Greatest military commander in the history of mankind must have a trait of inspirational communications and oratorical skills. This is one of the most and number one traits which must be possessed by the great leader and military commander. The problems of conveying the right messages to the fighting man and the public which are supporting the war through the ballot box are crucial to ensure victory. John F. Kennedy managed to do that during the Cuban Missile Crisis where he brought up International Pressure in the Security Council meeting obscure what were the Soviets are doing in Cuba. By having International Pressures and the back up of the American public, he had paved the way of the sanctioning Cuba from military build-up.
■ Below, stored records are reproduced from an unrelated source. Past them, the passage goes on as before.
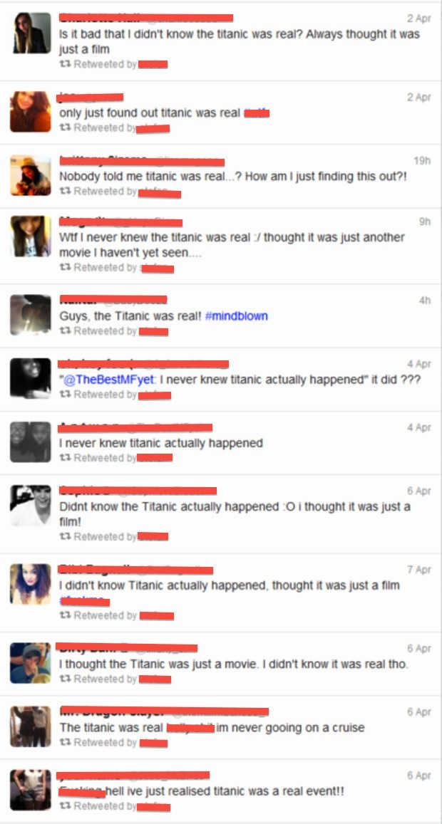 Ρίξτε μια ματιά στα tweets κάποιων χρηστών του Twitter, οι οποίοι εξεπλάγησαν όταν έμαθαν πως η ιστορία του Τιτανικού ήταν αληθινή…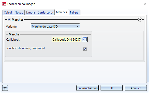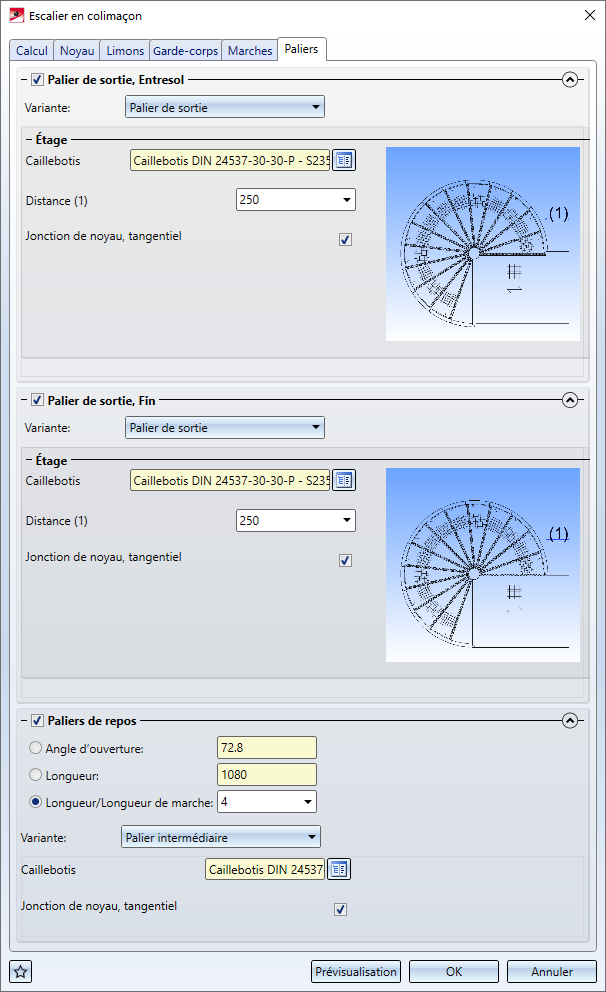 La fenêtre de dialogue Escalier en colimaçon se compose de six onglets :
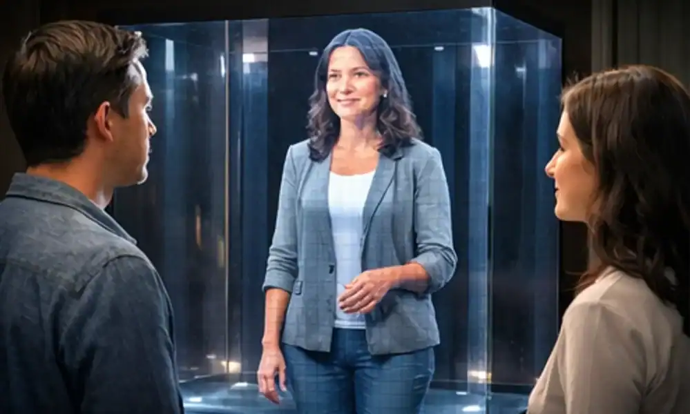 A integração entre inteligência artificial e projeções tridimensionais tende a ampliar a sensação de presença, ao permitir que essas representações ocupem o ambiente e interajam de forma mais dinâmica.
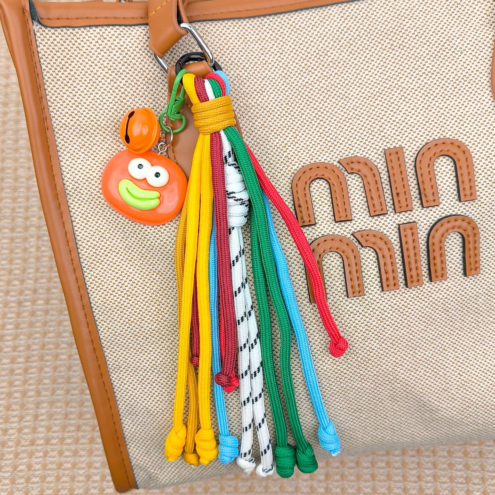 韓国iu系バッグストラップカラードーパミン結び編みひもボヘミアン風車キーホルダーストラップ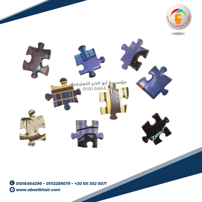 عبارة عن كارت خشبي عالى الجودة بها قطع مجسمة بسيطة سهلة التركيب مع بازل حروف بالعربي اسم شكل البازل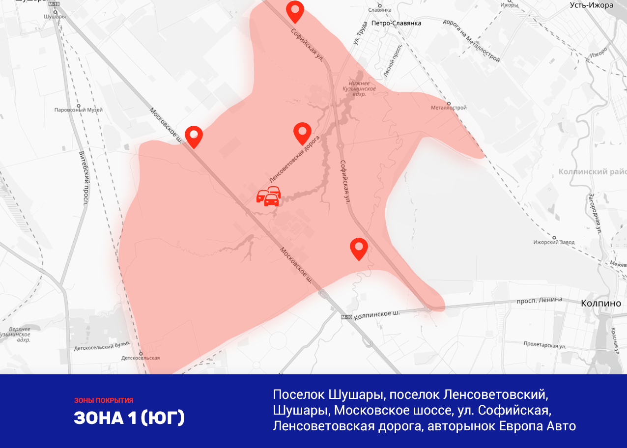 зоны покрытия ЮГ Поселок ШушарыПоселок ЛенсоветовскийШушары, Московское шоссеул. Софийская Ленсоветовская дорогаАвторынок Европа Авто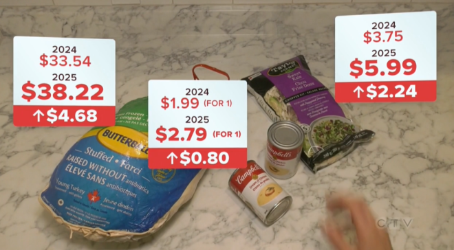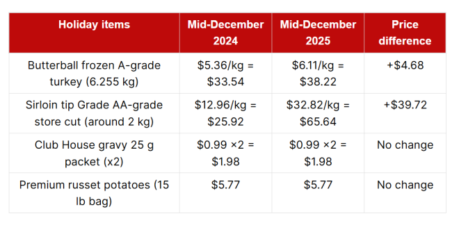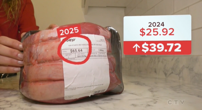 CTV News对比了本周一车常见节日食品的价格,与2024年同期进行比较,使用的是门店价格和存档的线上传单。对比结果显示,家庭整体支出更高,其中牛肉涨幅最为明显。

The blockade of Cuba which was suggested by RFK after much lengthens debate during the Exx Comm meeting is another way of communication with the Russian politburo and Chief Secretary Khrushchev. During the World War II, American patrol units were equipped with transmitter radio to communicate with the commanding officer at the garrison ensuring that the right decision made after certain circumstances. The way Eisenhower deals with the big scale invasion and ensuring such information about the whereabouts landings and the drop zone for Operation Market Garden is one of the capabilities of him waging war at the same time not to let vital information fall into enemy hands.
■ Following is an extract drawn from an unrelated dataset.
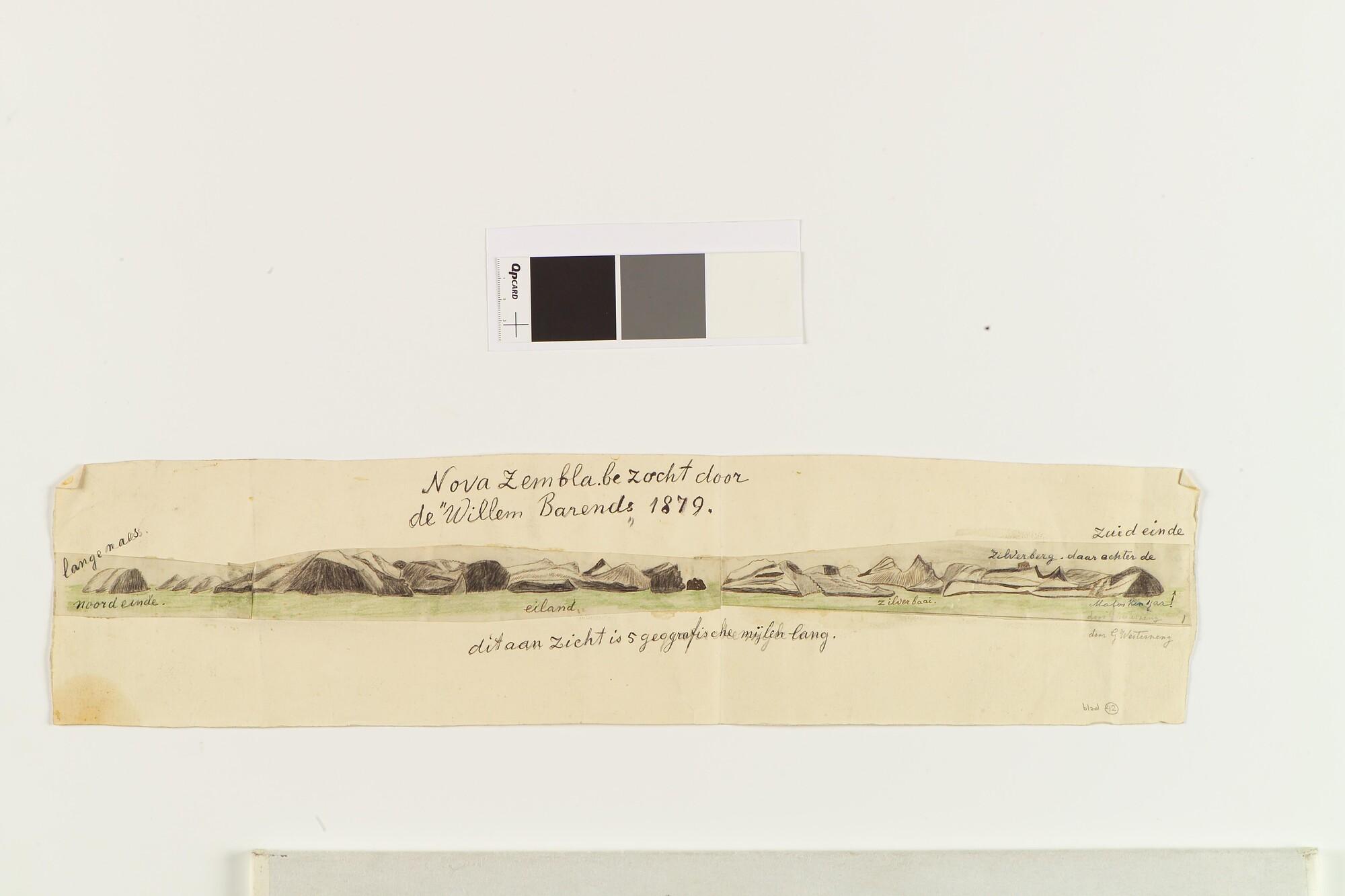 Tekening met een panorama van de kust van Nova Zembla. Uit een serie tekeningen gemaakt tijdens de tochten met de poolschoener Willem Barents van 1878 tot 1884.

When Douglas Mc Arthur invades the Philippines at the Palo Beach Leyte, after his landings, he commands the Philippines’ resistance to fight a war against the Japanese on their soil. His oratorical skills and good communications had brought up the spirits of the fighting man on that Island. But the Greatest Communicator of all is Ronald Reagan. The way Reagan handles the media in suppressing the Soviet Union especially during his visits to Berlin had shorten the Cold War period by promising certain victory. Communications and oratorical skills promised certain victory if the methods and variance is right.

Revolutionary idea

Great military leader brought with them revolutionary idea in fighting war. An act of revolutionary warfare had paved the way war is fought in this modern era. It started with Genghis Khan when he invaded the east European states and bring with them the way of absolute war of the Mongols. After that Napoleon brought with himself the way of fighting the modern war by setting up artillery as a supporting unit for infantry. He then manages to smarten the war organizations by creating divisions and the army corp. So much of the effectiveness of his Grand Armies, his military strategies had been copied by all the modern government in building up military mechanism.
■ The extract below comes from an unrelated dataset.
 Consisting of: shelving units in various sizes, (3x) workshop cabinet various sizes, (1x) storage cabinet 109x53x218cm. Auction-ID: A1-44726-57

Great leadership of the commanding officers brought along with them high standards of human values in waging war. The war is limited to certain extent that there shouldn’t be any absolute war. Therefore in engaging any battle according to the beliefs, mankind had created ways in fighting limited war especially using weaponry as a smart bomb and only effective towards the combatants and not the civilians. There are beliefs saying that war is a moral contest before any battle should be fought. Those that allied themselves with the heaven will certainly won the war even though there will be forfeiture. Such had been proved by various historical battles that happened such as during the Great War and the World War II.

As had been stated before, great military commander brought with themselves charismatic traits which overruled every traits and advantages that possessed by the technologies. Hope is imminent when we allied ourselves with these leaders. They tend to fight and be a sheer fighter and will not succumb to fate and other people’s perseverance. In combat, such leaders will lead his own army in setting up comradeship value such had been showed by Alexander the Great and Napoleon. Leadership traits especially in waging war are the number one factor in ensuring victories. Technology used is only remains as tool in securing victory and will not ensure victory.

References:-

McArthur, 2007. Richard B. Frank, Palgrave McMillan;
Thirteen Days: A Cuba Missile Crisis, 1999. Robert F. Kennedy, W. W. Norton & Company;
The Greatest Communicator: What Ronald Reagan Taught Me About Politics, Leadership and Life, 2005. Dick Wirthlin,Wynton C. Hall, Wiley; and
Napoleon Bonaparte: A Life, 1998. Alan Schom, Harper Perennial.